2. A work recognition device according to claim 1, The prediction result includes prediction type information representing a plurality of work types predicted by the first model as the type of the target work, and prediction probability information representing the probability that each of the plurality of predicted work types matches the type of the target work. The estimation result includes estimated type information representing a plurality of work types estimated as the type of the target work by the second model, and estimated probability information representing the probability that each of the plurality of estimated work types matches the type of the target work. The aforementioned work identification unit is, Using one of the two sets of information, namely the prediction type information and the prediction probability information, and the estimation type information and the estimation probability information, a plurality of candidate target tasks are determined. From among the aforementioned multiple candidates, the type of the target work is identified using the other information set of the two information sets, and without using the other information set. Work recognition device.

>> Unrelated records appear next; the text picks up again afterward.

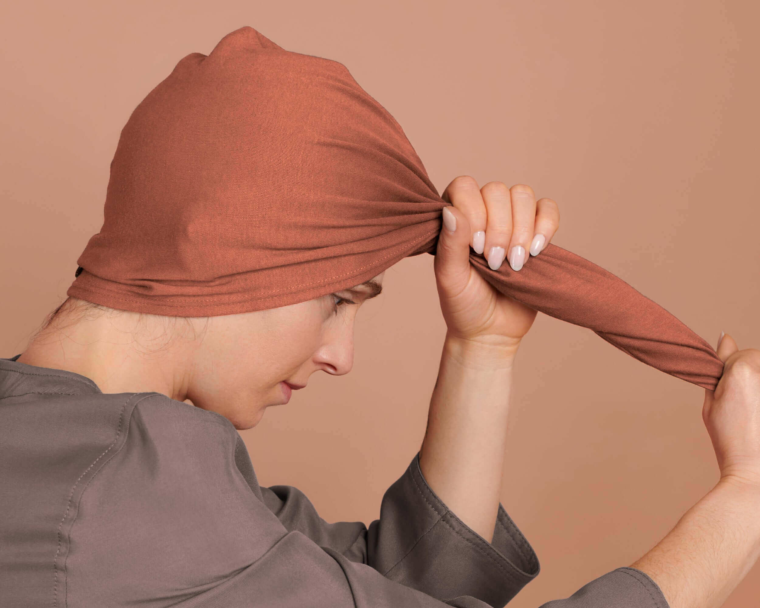 Our Burnt Orange t-shirt hair towel hood is the perfect way to dry your hair without causing frizz or breakage, and it's also better for the environment than microfiber towels.
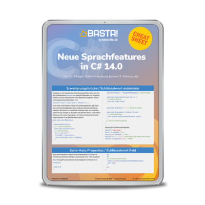 Das Cheat Sheet von DOTNET-Doktor Holger Schwichtenberg bietet einen kompakten Überblick über die wichtigsten Neuerungen in C# 14.0.
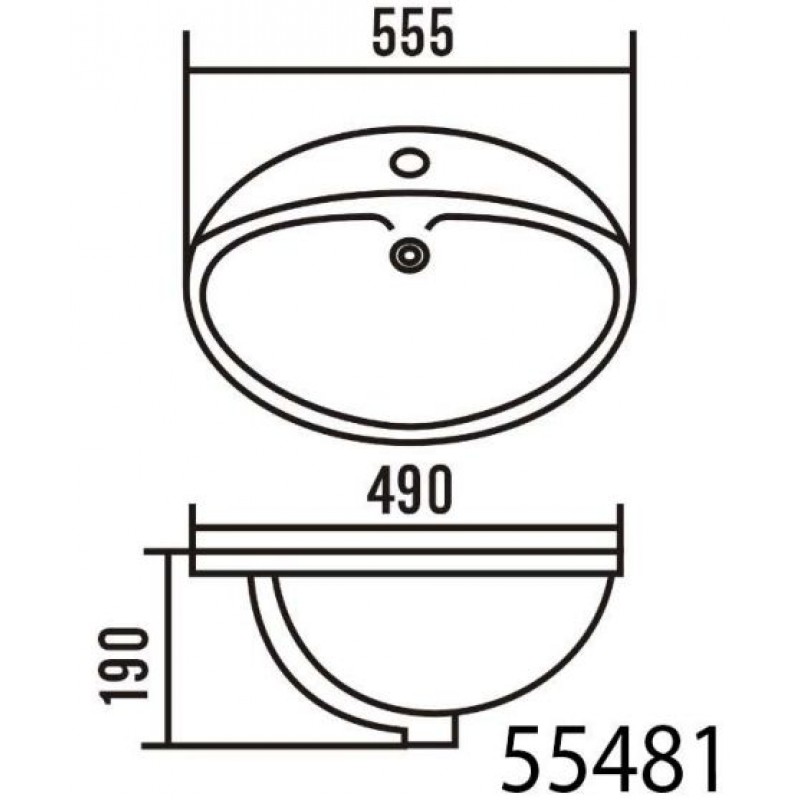 Keramické umývadlo 55x48x19 cm, zápustnéRozmery:
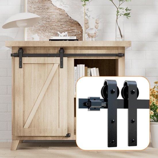 Yaklaşık 76 cm (2.5 ft) uzunluğundaki bu sürgü kapak sistemi, kolay kurulum özelliğine sahiptir. Metal raylar siyah renkte olup, endüstriyel bir görünüm sergiler. Ahşap kapılar yumuşak ve sessiz bir şekilde kayarak açılıp kapanır.
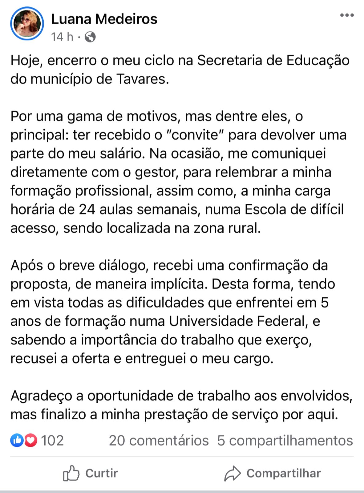 Por meio das suas redes sociais, uma educadora municipal da cidade de Tavares, no Alto Sertão da Paraíba, de nome Luanna Medeiros, denunciou que estaria havendo dentro da pasta da educação municipal uma tentativa de rachadinha no seu salário.
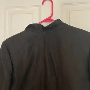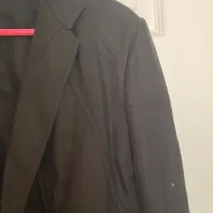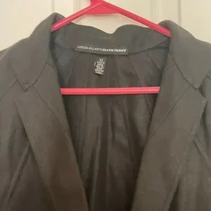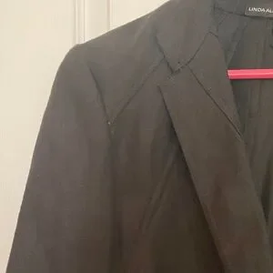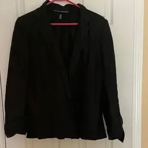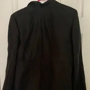 Elevate your wardrobe with this classic black women's blazer. Perfect for both professional and casual settings, this versatile piece is a must-have. 100% Linen. Note small spot on sleeve see picture. Jacket has shoulder pads
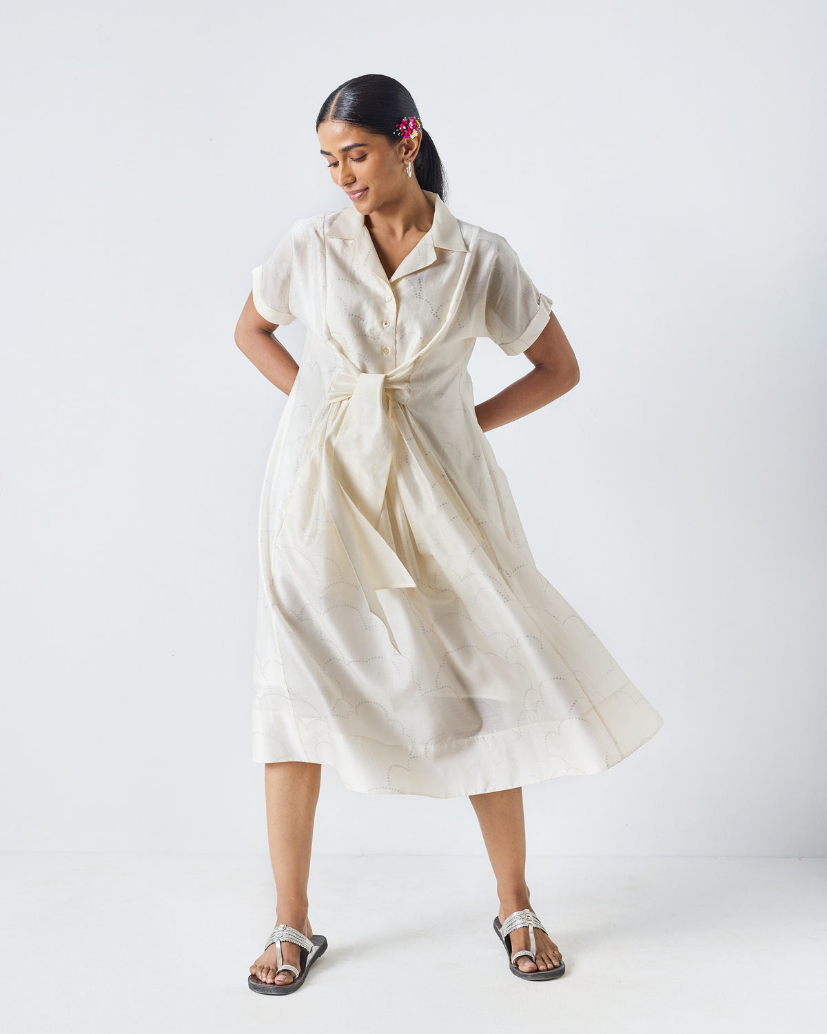 - The Cadeau Dress is crafted from luxurious cotton silk fabric, featuring a soft ivory base adorned with a shimmering silver cloud print, creating a serene, ethereal look.
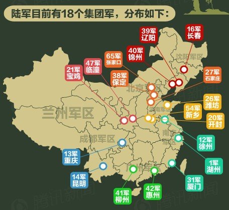 所屬軍區:濟南軍區 軍部駐地:河南新鄉 第1集團軍 所屬軍區:南京軍區 軍部駐地:浙江湖州
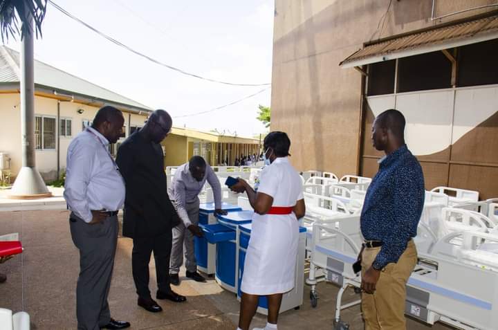 The Chief Executive Officer (CEO) of the hospital, Prof. Otchere Addai-Mensah, the Medical Director, Dr. Kwadwo Sarbeng and Mrs. Marina Assabil, Chief Nursing Officer (C.N.O) and Ag. Director of Nursing Services, have already inspected the installation and approved the distribution of the beds and bedside lockers to the various directorates.
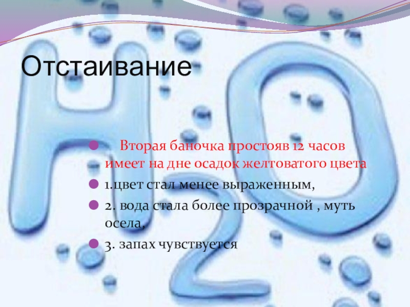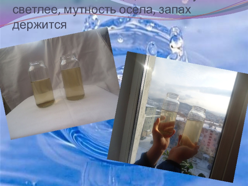 Слайд 14После отстаивания, цвет стал чуть светлее, мутность осела, запах держится
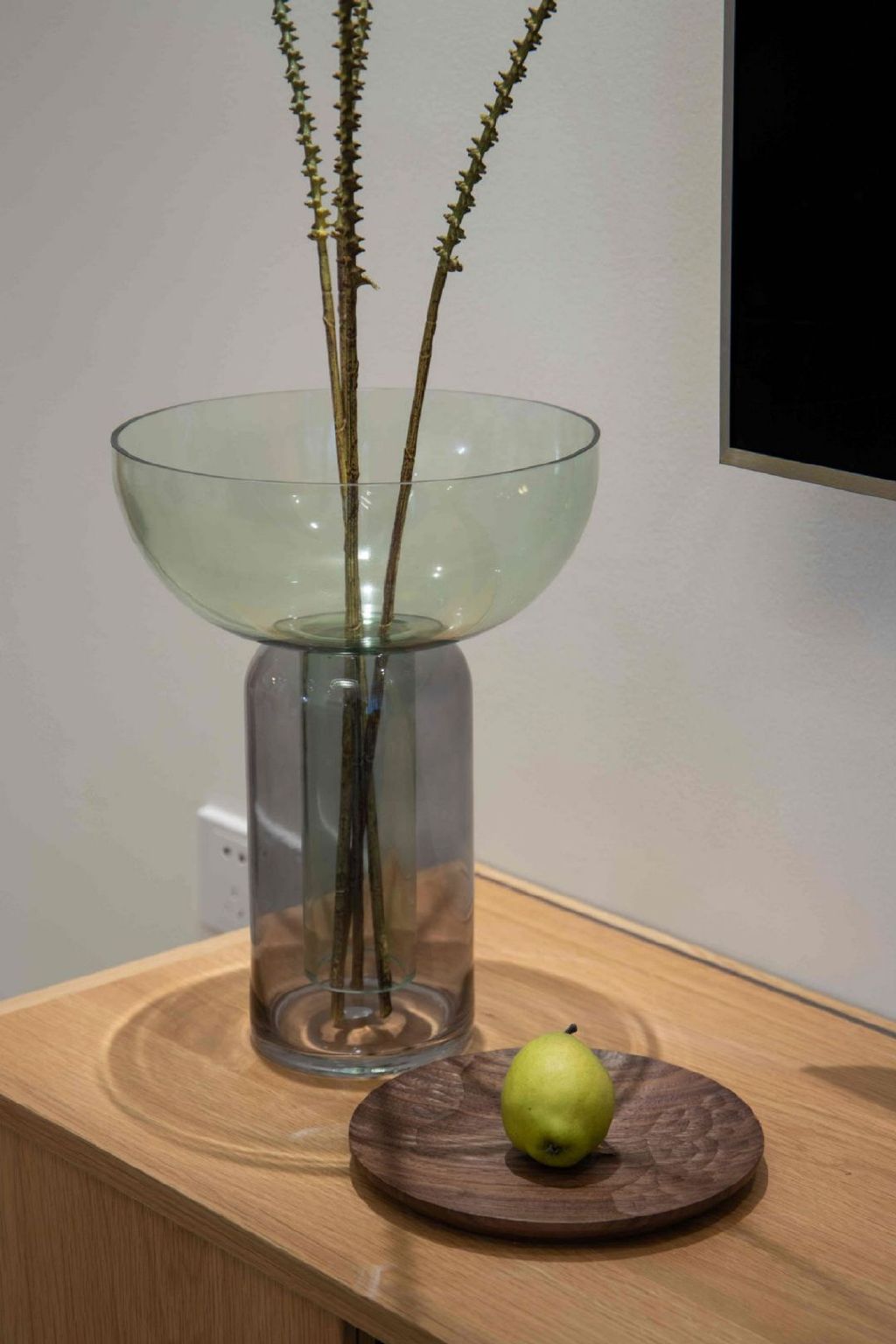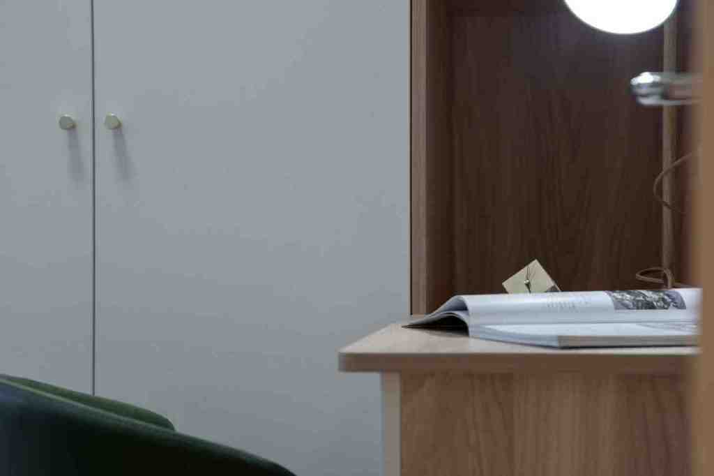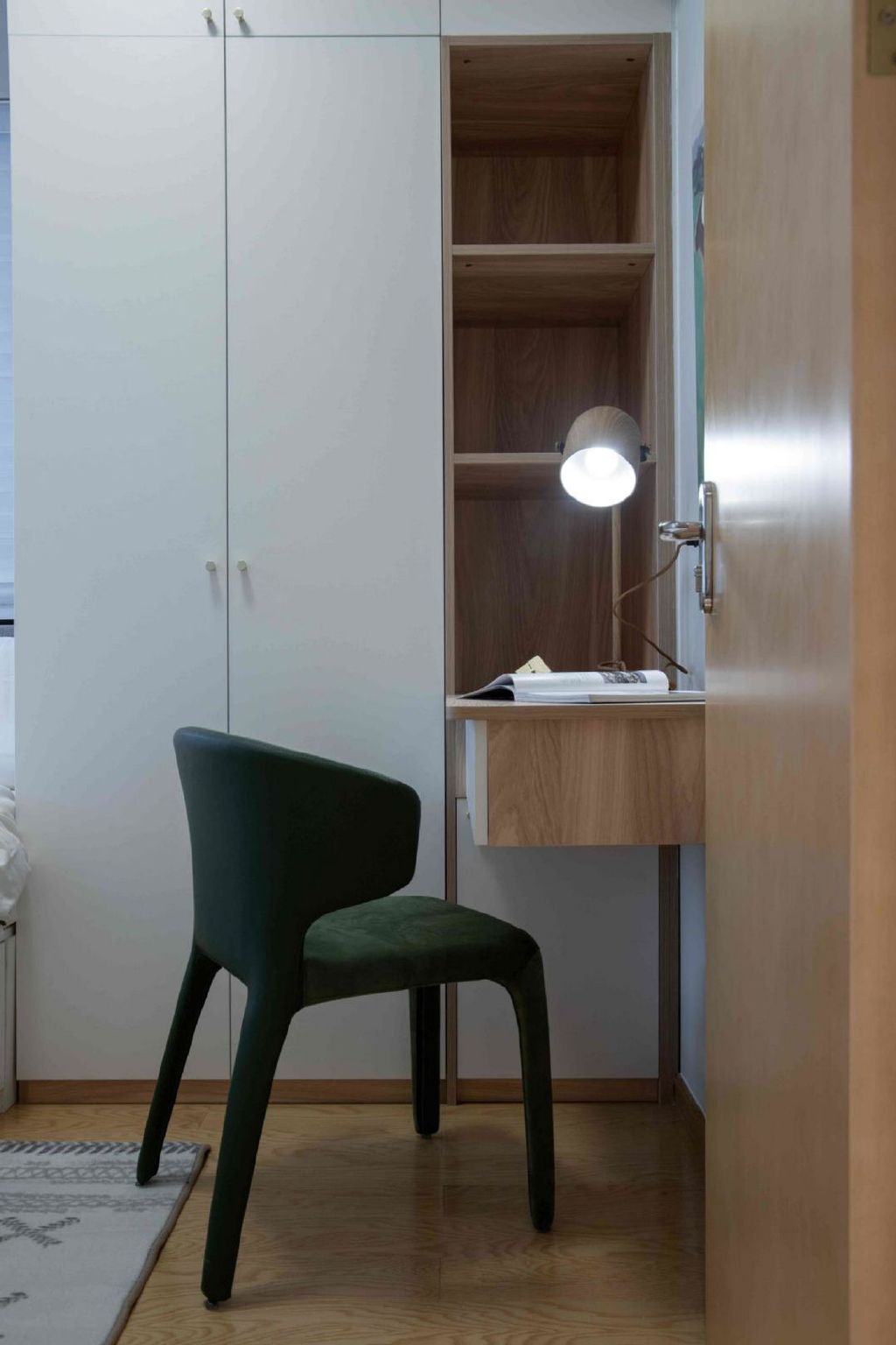 小巧地悬空书桌搭配绿色的丝绒凳子,让内部空间散发着一种独特的时尚和摩登气息。
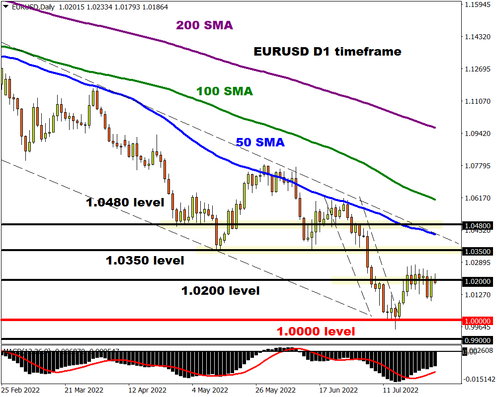 A weaker dollar could provide a lifeline for EURUSD bulls, keeping prices above parity for slightly longer before the fundamental forces eventually drag prices lower. There seems to be something about the sticky 1.0200 level which has acted as support and resistance over the past few days. A solid breakout and weekly close above this level could encourage a move higher towards 1.0350. Should prices fail to conquer 1.0200, a move back to parity could be on the cards.
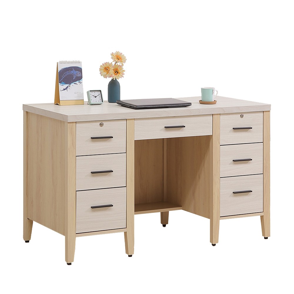 文創集 卡黛亞4尺五抽雙色書桌(桌面設置便利插座)-120x60x81-cm免組
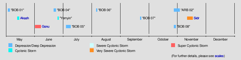 The graphical bar above gives a brief overview of storm activity during the season, and a storm's maximum intensity category in terms of wind speed is included as a colour bar. This is given by the IMD's values of maximum 10-minute sustained winds. The colour scheme is detailed to the right.
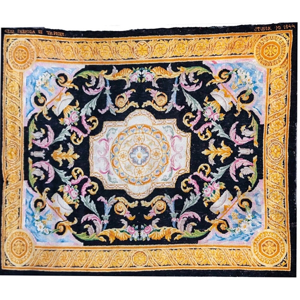 Alfombra de nudo turco de la Real Fábrica de Tapices de fondo color negro con roleos, firmada "Real Fabrica de Tapices, Stuyck Madrid 1844". Faltas
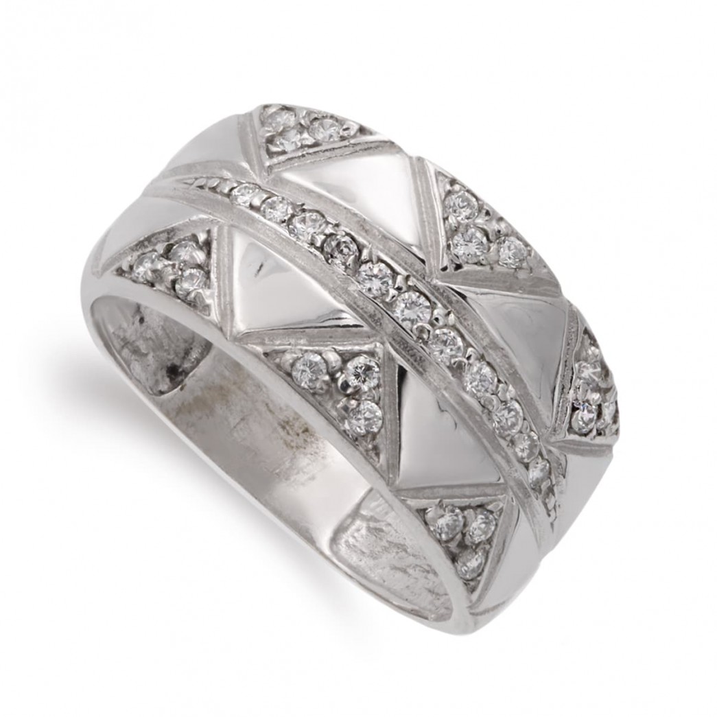 18K SORTIJA ORO BLANCO ROMBOS Y CIRCONITAS 10 MM CUERPO 4 MM
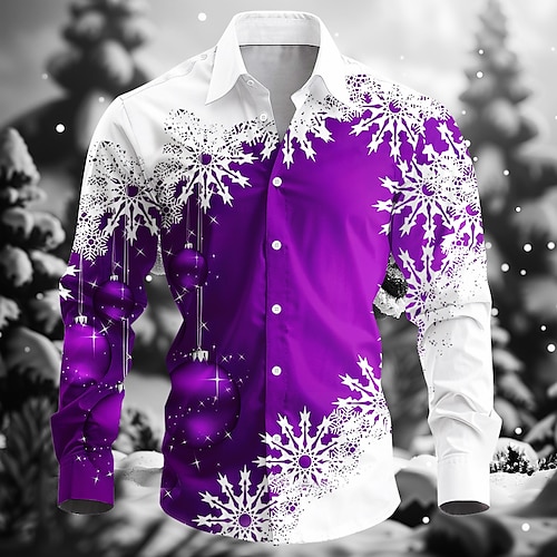 Natale Per uomo Fiocco di neve Camicia Designer Manica Lunga Resort Moda Casual Natale Feste Inverno Primavera Autunno Collo ripiegato Colletto a Camicia Cardigan con Bottoni Blu Rosso Viola Verde

3. A work recognition device according to claim 2, The aforementioned work identification unit is, Using the aforementioned prediction type information and prediction probability information, the plurality of candidates are determined. From among the multiple candidates, the type of work with the highest probability represented in the estimated probability information is identified as the type of target work, using the estimated type information and the estimated probability information. Work recognition device.

4. A work recognition device according to any one of claims 1 to 3, The first model is configured to predict the type of the next operation from two or more consecutive types of the previous operations, The work identification unit is a work recognition device that inputs information representing the types of two or more consecutive work preceding the target work into the first model, thereby causing the first model to predict the type of the target work.

5. A method for recognizing the work performed by an employee, Observation information obtained by observing the target work using sensors is acquired. A work recognition method that identifies the type of target work using a first model that has been pre-trained to know the order in which multiple tasks are performed, the prediction result of the first model that predicts the type of the target work as the next task based on the type of the previous task, and the estimation result of a second model that has been pre-trained to estimate the type of the target work based on the observation information.